Cataclysm is the new game from Digital Sun, the team behind Moonlighter, so I was waiting for the twist from the moment I started. Moonlighter's a straight-up dungeon crawler, until you crawl out of the dungeon with all your loot and have to face a far more terrifying foe than any monster you encountered in the depths: supply and demand. Moonlighter was a dungeon crawler, then, and also a game about stocking a shop and making a profit. Risk your life to find stock, and then return to the surface and try to find the right price for it. The horror!
So what's the twist with Cataclysm? My recent demo began in a dark autumnal woods. I'm controlling an archer, clicking to move them through forest paths between spectral, bronzing trees and dark abysses that make the whole thing feel very claustrophobic. Is this an action RPG? No, up ahead I find another troop type, a lobber, who flings bombs or rocks or some such. Height and distance come into play as we fend off an attack by mysterious horrors, who all look like plucked but uncooked turkeys. Oh, this is an RTS!
And it is. But then we come to a clearing with a broken bridge and no way to get across. Here is the twist! It's an RTS in which you can build. It's an RTS in which you have to build, in fact. Pretty soon I'm fixing the bridge with wooden pieces, making sure that each piece I place is supported and safe. Further on I get a staircase that needs repairing with stone, so I'm dealing with cheap, flimsy wood, and heavy, more dependable stone. Next comes a proper castle, already built, and night is falling so I place my troops and fend off hordes of those Turkish enemies. It's tower defense! Stop it already.
But Cataclysm does not stop it already. For the next few hours I was in the middle of a game which continues to unfold, but takes cues from its own building system and ensures that it only ever lays out a new piece, a new idea, when the old pieces are suitably supported. So it's a game in which you make your base and defend it, with walls and merlons to aid your archers and banners to boost your attacks – or was it your defense? That's all great, but you'll need wood, so you'll need sawmills. You'll need workers, so they'll need houses. You'll need stone, but the quarry spot is outside your camp, so you must grow your area of influence by placing torches.
Then you'll need to actually place a quarry and make sure there are clear paths for all your workers. Then you need to filter the air, because the horrors that attack you are agents of a hidden mist that you have descended. Then you'll need to think about walls because night is coming and here come those turkeys again.
This is only the start, mind, as pretty soon emboldened turkeys are likely to launch little sorties during the day, which means barracks and armies and new troops and onwards and outwards. All brilliant stuff. But the key, I think, lies with two things: the simple things are very satisfying, and you are never far from disaster.

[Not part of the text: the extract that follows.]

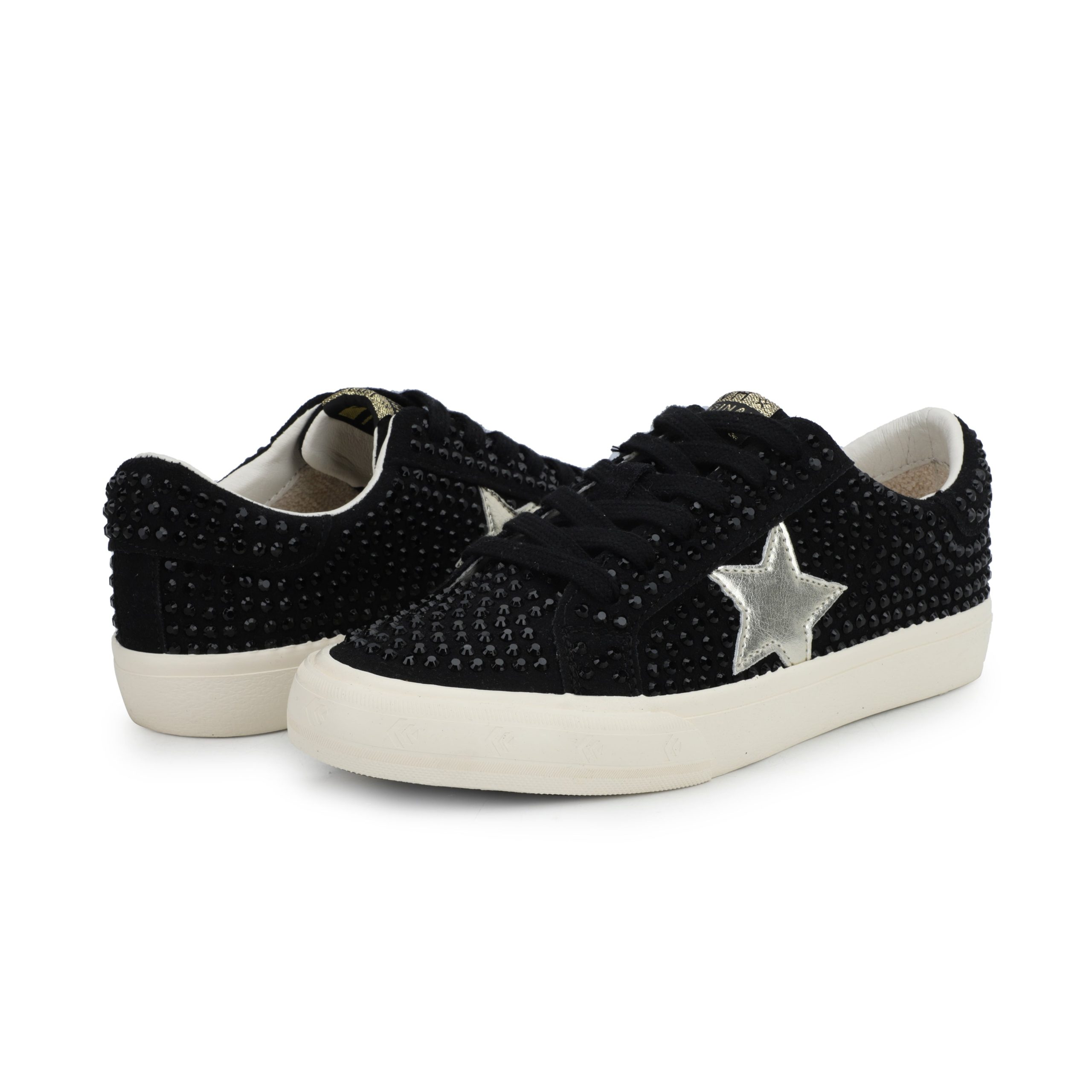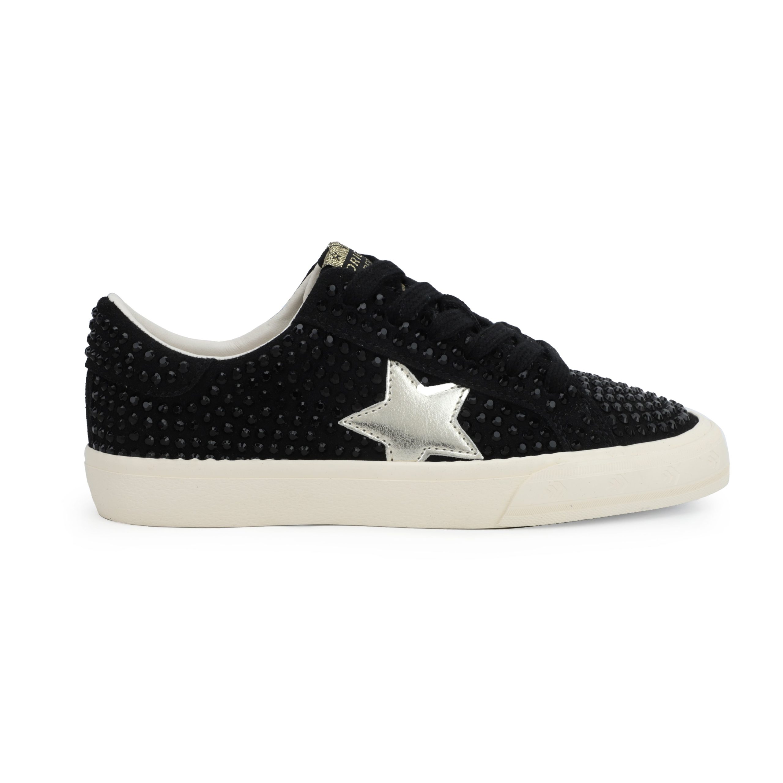 Elevate your style with these sleek black rhinestone-adorned slip-ons. Crafted from a premium blend of synthetic, leather, and suede materials, the GRANDE offers effortless wear with no-tie convenience. The signature traction outsole provides reliable grip, while the true-to-size fit ensures all-day comfort. Perfect for adding a touch of sparkle to any outfit.

The little things: placing blocks is enormous fun, and it's also really easy to do, as you select from menus and build, piece by piece. It's easy to see where you can place things and where you can't, and there's also scope for creativity and interesting choices. Tall walls are strong walls, but what if you're low on bricks? How do you make low walls stand a better chance? And where do you place them and your own troops relative to them?

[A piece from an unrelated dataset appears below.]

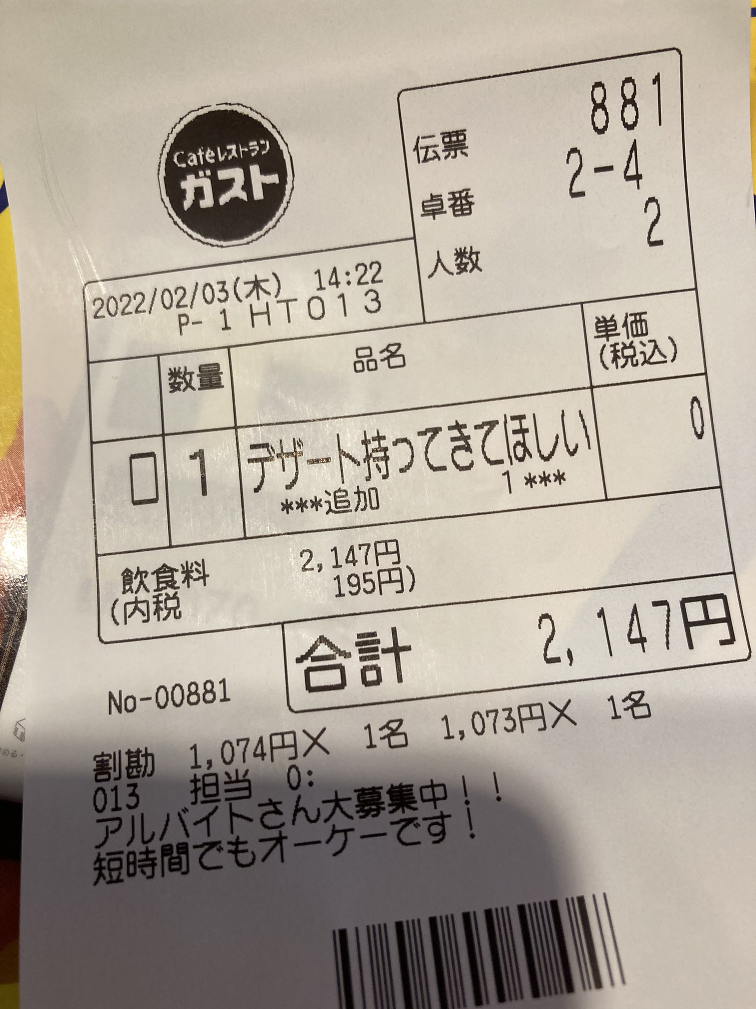 @iki_ikiLG21 最後の追加伝票の発行(差分発行)だからですね、キッチンプリンタから再発行すれば、注文したものがちゃんと印字されますが、それをサボったんだろうなと思います
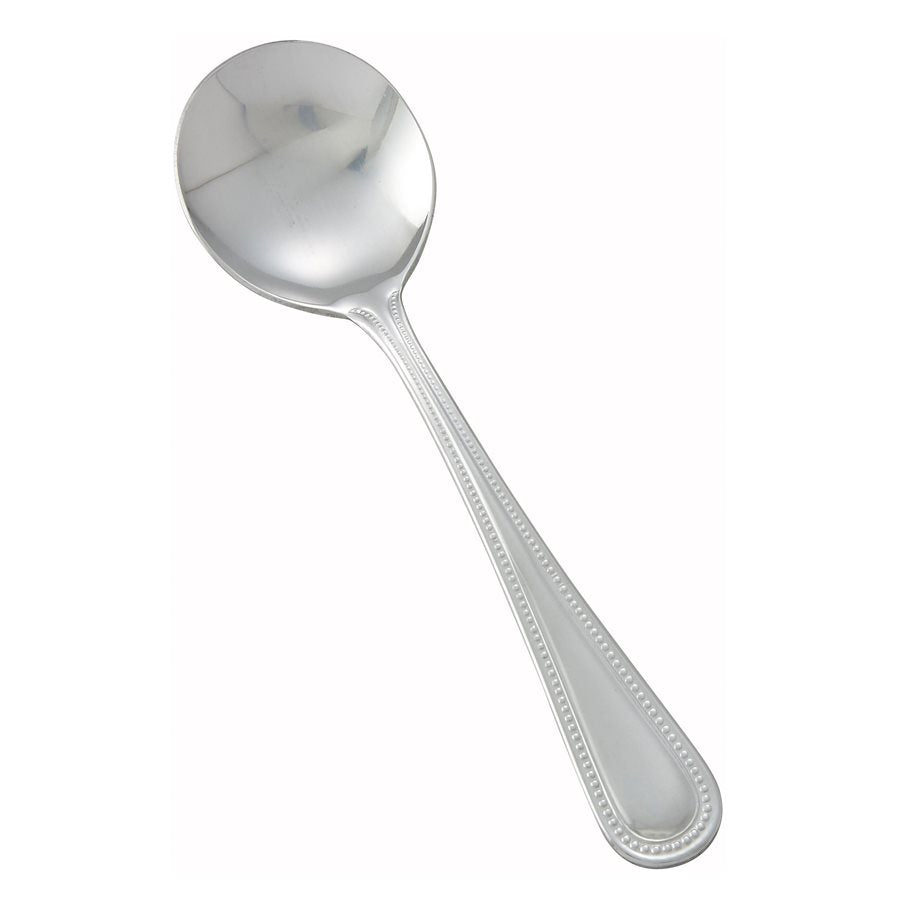 The Winco Dots Bouillon Spoon offers both function and refined design to elevate your dining experience.

This is the second part. You are never far from disaster. Early on, I managed to make a simple skirmish three times more exciting by simply building my wall in the wrong place. It was right out of Laurel and Hardy. There I was in the East making a really gorgeous castle defense, while over to the west, turkeys were eating my current castle. Then stairs! Oh god, I have made stairs in this game that nobody could climb, stairs that are a horrible joke against the living, against the idea of height. Staircases with sudden gaps, interesting wooden doodles as the bannisters and steps that decide to juke suddenly to the left or right. I have made things in this game so poorly conceived that I will never show them to another human being.
But what brings it all together is those turkeys that attack every night. Earlier today I positioned my forces, built my walls, and then waited. The horns blew. The turkeys attacked. And it wasn't that they so much threw themselves at my defenses. Instead, they sort of steadily tie them. I could see each individual block in each wall being targeted and giving way, each stone crumble and fall and disappear. That's Cataclysm, then: you're building and expanding and defending forts that are basically made of shortbread. Just don't ask me about why the stairs are out.